Of course, I am very pleased that you share my view that a public service employment feature must be a part of any manpower legislation. Mr. Mayor, what we are talking about setting up as you know, but all in this room might not understand this is a public service employment system under the terms of which the Federal Government would contract with the States or with the cities, counties, units of local government and with private nonprofit agencies and these agencies would then with Federal funds hire the people it needs to perform needed public services, whether it be in the field of fire protection or public safety or recreation or whatever.

There are public services that need doing and persons who are unemployed can be put to work doing those things. That is what we want to do.

It has been suggested that we would end up doing a lot of work that was not really necessary, so-called makework projects.

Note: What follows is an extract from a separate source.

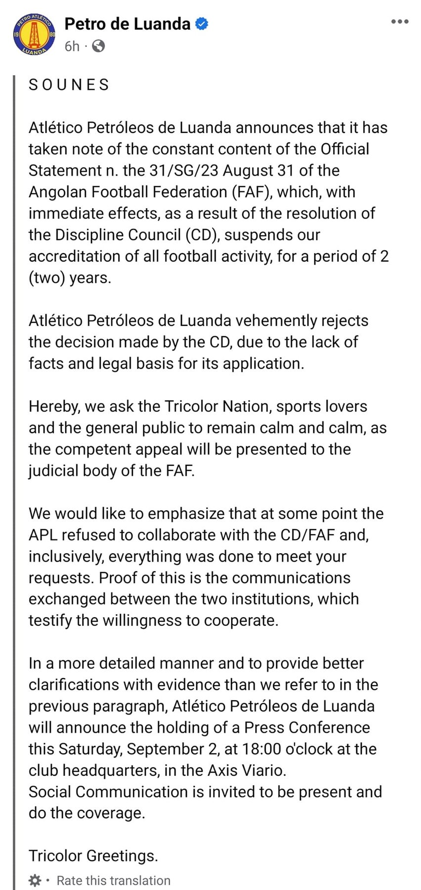 أعلن نادي بترو أتلتيكو فى بيان رسمي له، إيقافه من الاتحاد الأنجولي عن ممارسة النشاط الرياضي لمدة عامين.

That is how the critics of this legislation have described it.

Are you so well funded in the city of Detroit, Mr. Mayor and do you have so few things to do that if this bill were enacted you would have to really scrub around to find some things to put people to work doing?

Mr. GRIBBS. Mr. Congressman, I appreciate the opportunity to talk about Detroit's fiscal problems. But the fact of the matter is that we

face a gigantic deficit in the next fiscal year of the city unless we find some revenues.

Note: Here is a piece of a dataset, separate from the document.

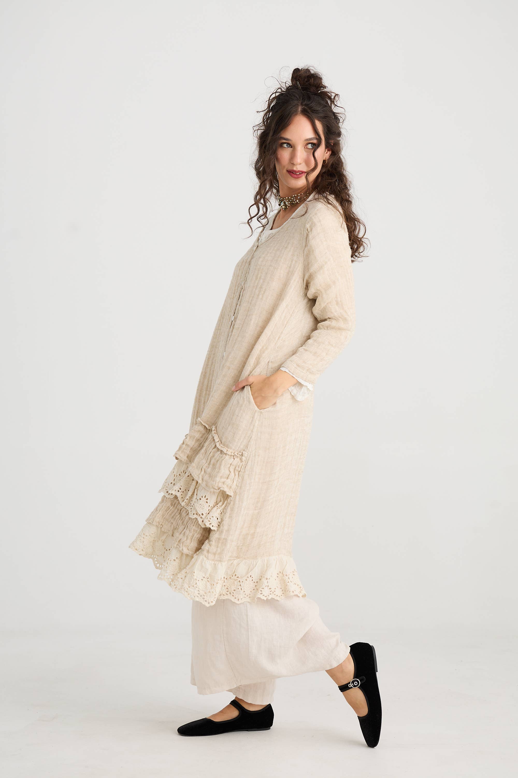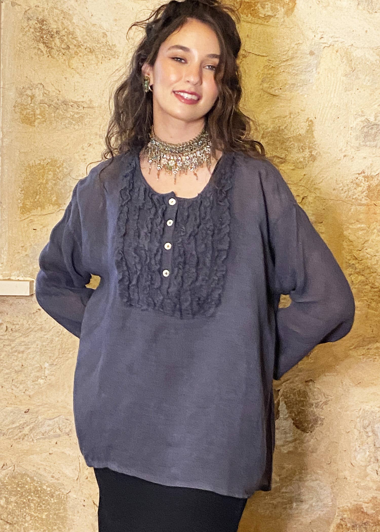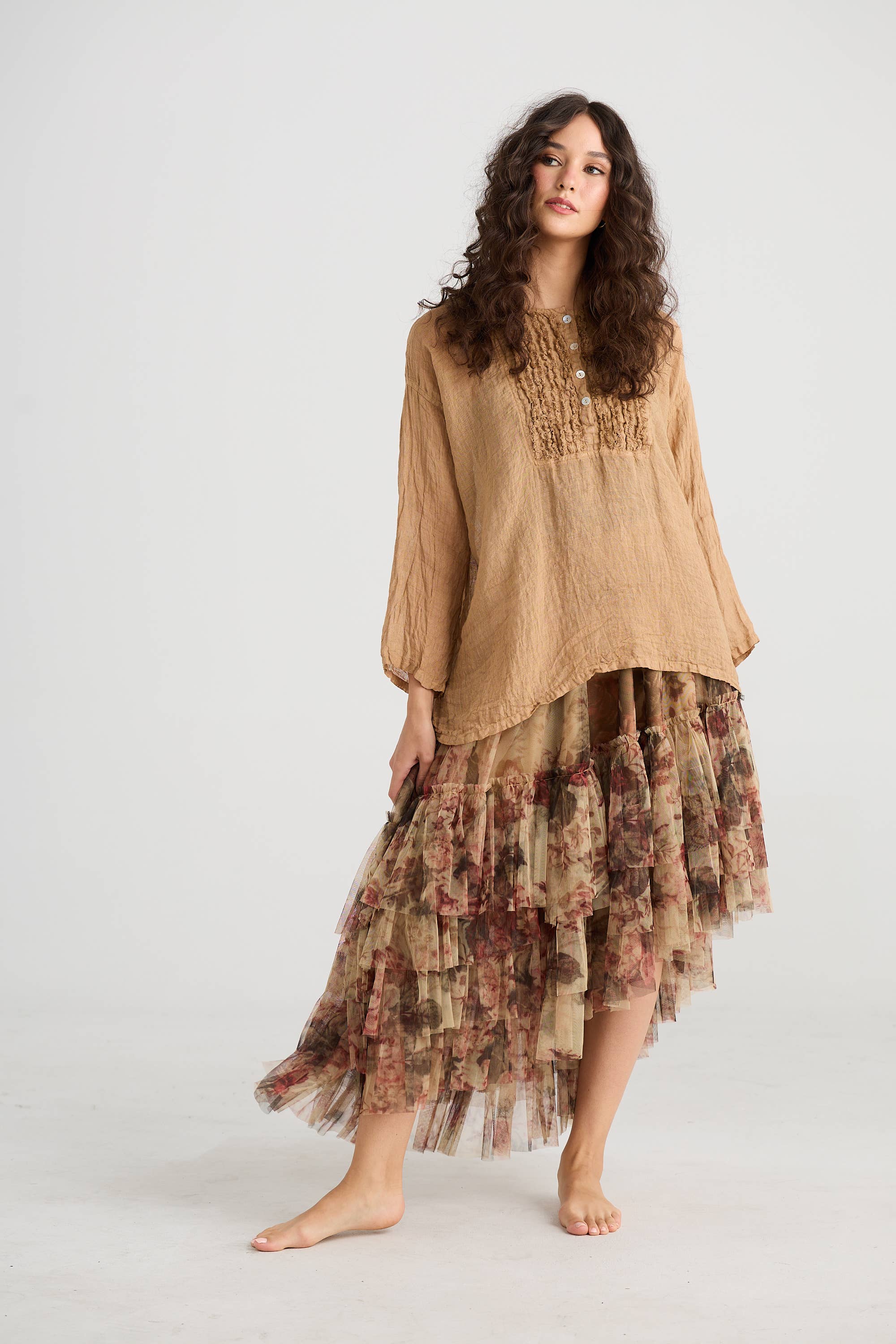 Angelica is just delightful. Made from stiffened linen gauze (but still soft and fluid) this skirt is enchanting with its ruffles and clever "engineering" of the ruffles so that they fall gracefully and flatter the body. This is an elegant skirt, and a versatile one. It can be worn by itself, or layered under a coat-dress or in other ways. With a drawstring waist and basque top, this skirt is in 2 sizes: Small/Medium (to fit to size 12) Med/large (to fit to size 18) The colour is a very classic Stone with Grey Floral Print, and super-easy to wear! We have styled it with the Sahara linen top in Desert Sand.

Mr. Chairman, I am sure the local Congressmen are reading the papers and are more aware of it. But the city of Detroit faces a revenue gap that is a difference between our proposed expenditures and income of somewhere from $40 to $60 million.

I am right in the process of closing my budget. Unless we find new revenues sources we will again face a deficit in the next fiscal year.

Just a brief history if I may. Three years ago the city of Detroit had a $10 million deficit. Two years ago it was a $14 million deficit. This year we are going to have just under a $22 million deficit and next year depending upon the new revenue sources that we are looking for it can go up to $40 million or hopefully we will have some revenue sources and won't have it.

What I am saying is, and this budget and the figures I am talking about are geared toward maintaining existing services. The core cities like Detroit are in a bind really to provide the services that the citizens need and have a right to expect.

We have to raise new revenues and we are in trouble raising new revenues. I am not even talking about expanding services. But if there was a combined program, and if for example under the Federal legislation we received employees, I could put them into my parks and recreation department to clean up and to refurbish and rebuild and maintain existing parks.

We have been trying in our city to build to the lots, small parks and to maintain them and to put basic swings and whatever other things the children should have so they can enjoy themselves to build parks within their inner city and throughout our city and to maintain them.

We have a beautiful island called Belle Isle that is under disrepair. The answer is we don't have the money to maintain it in the manner it should be maintained. If you provided manpower to cut the grass, to allow us to re-asphalt and to build a playground, to trim the trees, to maintain it, you would provide a service that the city would not have to pay for.

You would give employment and in this fashion you would help us in that particular sector. That is just one example of many areas where there is work and there are things that should be done to make the city better. I could go on and cite chapter and verse of other needs where persons could be hired to serve public needs and yet the city at the same time would not have to expend the dollars and you would have dual aid.

Mr. O'HARA. Mr. Mayor, I am not expecting you to answer this question off the top of your head. But I would appreciate it if you could make some sort of rough estimate and supply the committee with this at a later date.

Perhaps the people with you could work on this. It would be very helpful if we could get some sort of rough estimate of just how many jobs the city of Detroit might be able to work into its operation in a relatively short period of time.

Mr. GRIBBS. I would be very happy to provide that. We could give you several figures, some accurate figures and even rougher estimates.